Gdy robak znalazł się w systemie, proces jego usuwania jest taki sam, jak w przypadku innych malware - ale nie jest prosty. Najlepiej w tym celu posłużyć się specjalistycznym oprogramowaniem, a także wykorzystać możliwości swojego antywirusa. Narzędzia pozwalające na usuwanie robaków oferuje w swoich zestawach wielu producentów pakietów ochronnych, jak ESET czy Bitdefender.
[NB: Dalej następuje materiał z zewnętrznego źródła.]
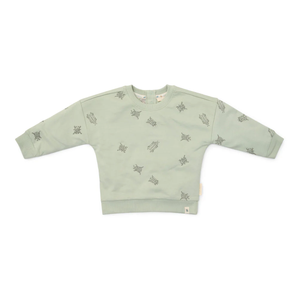 Hoeveel insecten tel jij op deze leuke trui?! Omhul jezelf met de zachtheid en charme van deze mintgroene trui, versierd met kleine kruipende insecten en kevers. Elk insect is fijntjes geborduurd, waardoor er een betoverend patroon ontstaat dat de verbeelding van je kleintje stimuleert. Gemaakt van biologisch katoen, is het de perfecte trui voor die frisse lentedagen of koele zomeravonden. Alle items binnen de Forest Friends-collectie zijn zorgvuldig op elkaar afgestemd, zodat je eindeloos kunt mixen en matchen. Verkrijgbaar in maten 74, 80, 86, 92, 98 en 104.

Skąd możesz otrzyma robaka?
Pierwszy robak komputerowy, który rozprzestrzenił się po świecie, był napisany przez Roberta Tappana Morrisa Juniora. Składał się z trzech tysięcy linii kodu. Trafił do sieci 2 listopada 1988 i w ciągu kilku godzin spowodował paraliż ok. sześciu tysięcy komputerów. Do wprowadzenia go do ówczesnego internetu Morris wykorzystał serwery MIT. Jak wspomina to po latach, robak miał być "ćwiczeniem intelektualnym", a zarazem wykrywaczem luk w systemach Unix. Jednak rozprzestrzenił się bardziej, niż jego twórca spodziewał. W szczytowym momencie zostało przez niego zablokowane niemal 10% wszystkich połączonych wówczas komputerów i serwerów na świecie! Morris skończył tę przygodę jako pierwsza w historii USA osoba skazana na podstawie wydanego w 1986 aktu Computer Fraud and Abuse Act. Nie trafił jednak do więzienia - skończyło się na wysokiej grzywnie. A co ciekawe - parę lat później został profesorem na MIT. Można zatem powiedzieć, że spotkał go happy end.
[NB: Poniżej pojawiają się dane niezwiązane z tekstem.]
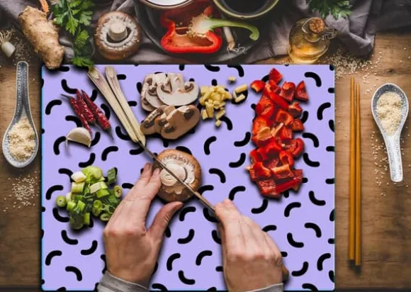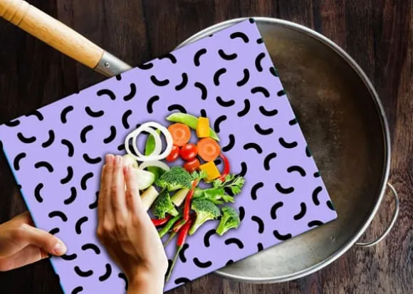 speciell skumtejp (finns i vår butik) då kan avståndet från brännaren vara mindre . Tryck inte kastruller etc. mot glas med grafik när du lagar mat . ✅Skärbräda ✅Serveringstallrik (kall tallrik) ✅Ställ för varm gryta ✅Extra

Krótka lista najbardziej znanych robaków
W tekście wspomniane zostały Mydoom oraz NotPetya. Inne, które zapisały w historii, to:
- SQL Slammer - mający zaledwie 376 bitów robak zablokował pracę większości serwerów SQL na świecie;
- Blaster - robak na systemy Windows, przeprowadzał w 2003 roku ataki DDoS wymierzone w serwery Microsoftu i zainfekował ok. 2 miliardów komputerów;
- Conficker - robak, który w 2008 roku zainfekował miliony komputerów i stworzył olbrzymie botnety;
- Stuxnet - stworzony wspólnie przez wywiady USA i Izraela; w 2010 roku użyto go do zniszczenia irańskiego programu jądrowego
Jedną z cech, przez które robaki są tak niebezpieczne, jest ich nieprzewidywalność. Robak Morrisa wyrwał się spod kontroli, SQL Slammer miał być dowodem na zdolności programistyczne jego twórcy, a twórcy Conflickera nigdy nie skorzystali z botnetów - ich powstanie nie było ich intencją. Stuxnet był celowym tworem, przemyconym do fabryki badawczej za pomocą pendrive'a. Ponieważ jej laboratoria nie były połączone z siecią, robak miał nigdy nie wyjść poza kompleks. NotPetya miała prawdopodobnie szkodzić tylko maszynom na Ukrainie, ale rozprzestrzeniła się po świecie, Rosji nie wyłączając.
Dzięki obfitej reprodukcji robaki działają dłużej i mają większy zasięg, niż przewidzieli to ich twórcy. Dlatego tak ważne jest, aby najszybciej jak to możliwe aktualizować systemy operacyjne i zainstalowane na nich oprogramowanie. To główny środek prewencji.